*** Opening Source data ***

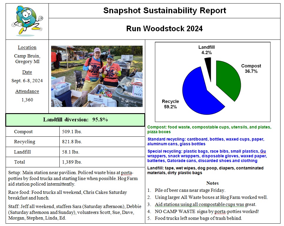 Another great weekend for Run Woodstock! With races ranging from 5K to 100 miles, plus camping, live music, yoga, tie-dye, good food, and good vibes, there’s a way for everyone to get in touch with their inner hippie. And how could you hold such an event without making it sustainable?
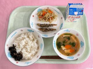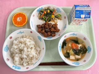 12月4日(木) 牛乳 麦入りご飯 ツナとひじきの佃煮 ちかのごま天ぷら からし和え ほうれん草のみそ汁
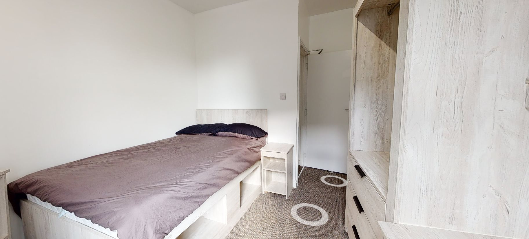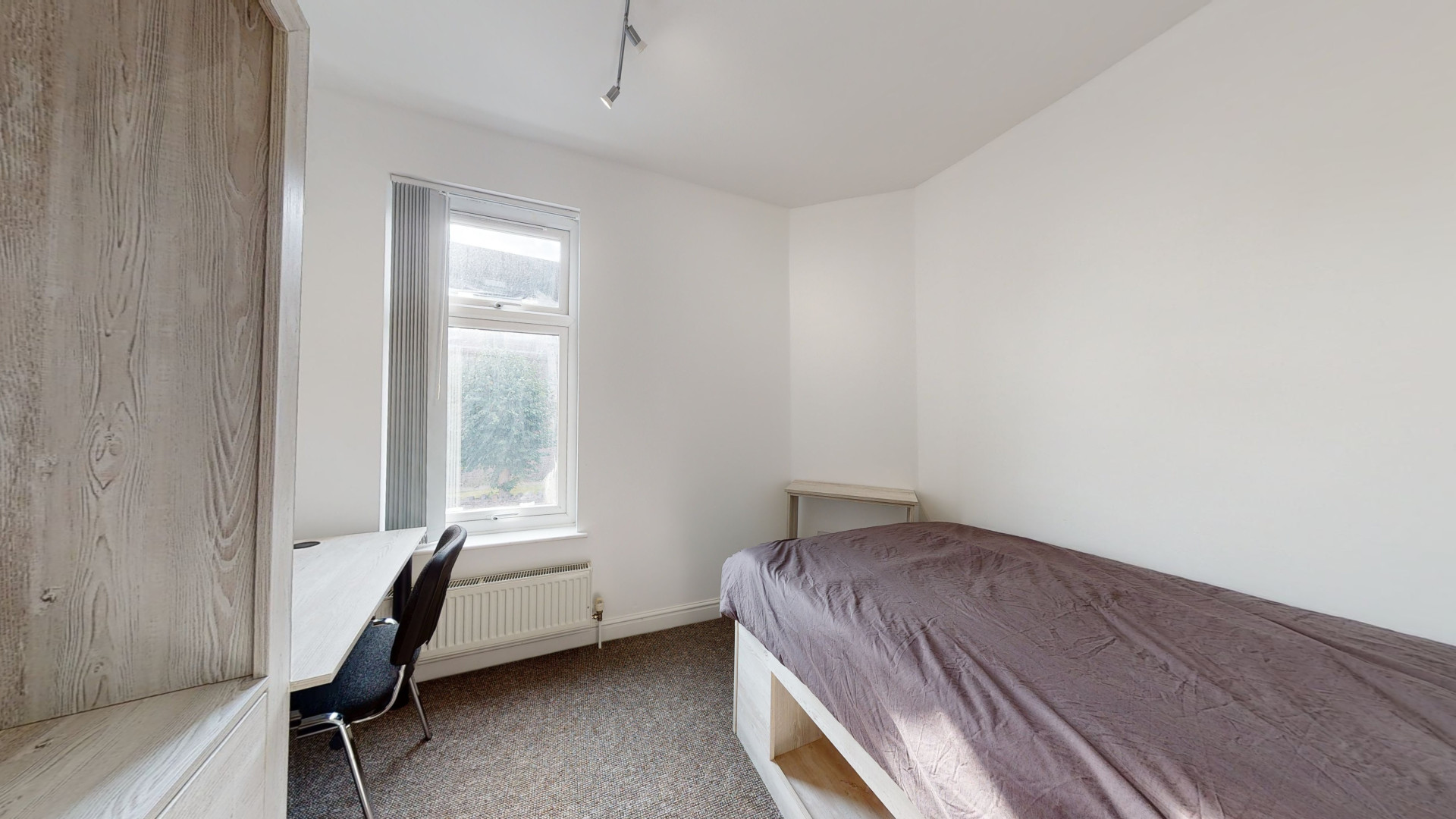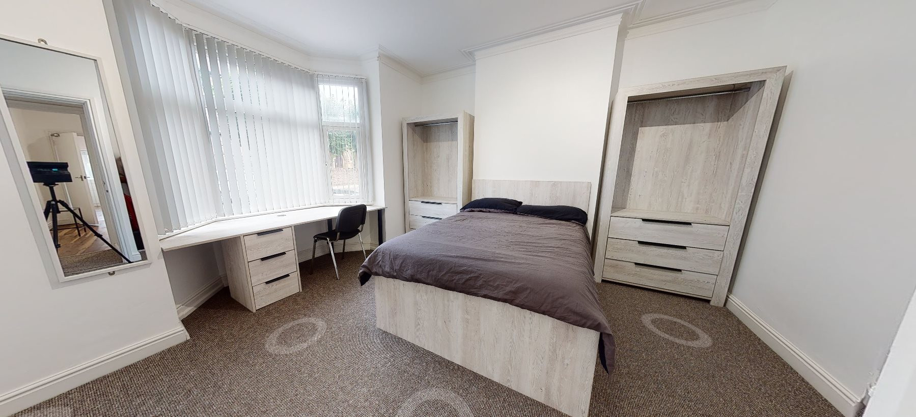 - Bedroom furniture: bed, desk, desk chair, wardrobe, and drawers

*** Closing Source data ***

* _Exercise aim_: Go through the material above and print all of it exactly, except the pictures.

* _Your response_:
 Another great weekend for Run Woodstock! With races ranging from 5K to 100 miles, plus camping, live music, yoga, tie-dye, good food, and good vibes, there’s a way for everyone to get in touch with their inner hippie. And how could you hold such an event without making it sustainable?
 12月4日(木) 牛乳 麦入りご飯 ツナとひじきの佃煮 ちかのごま天ぷら からし和え ほうれん草のみそ汁
 - Bedroom furniture: bed, desk, desk chair, wardrobe, and drawers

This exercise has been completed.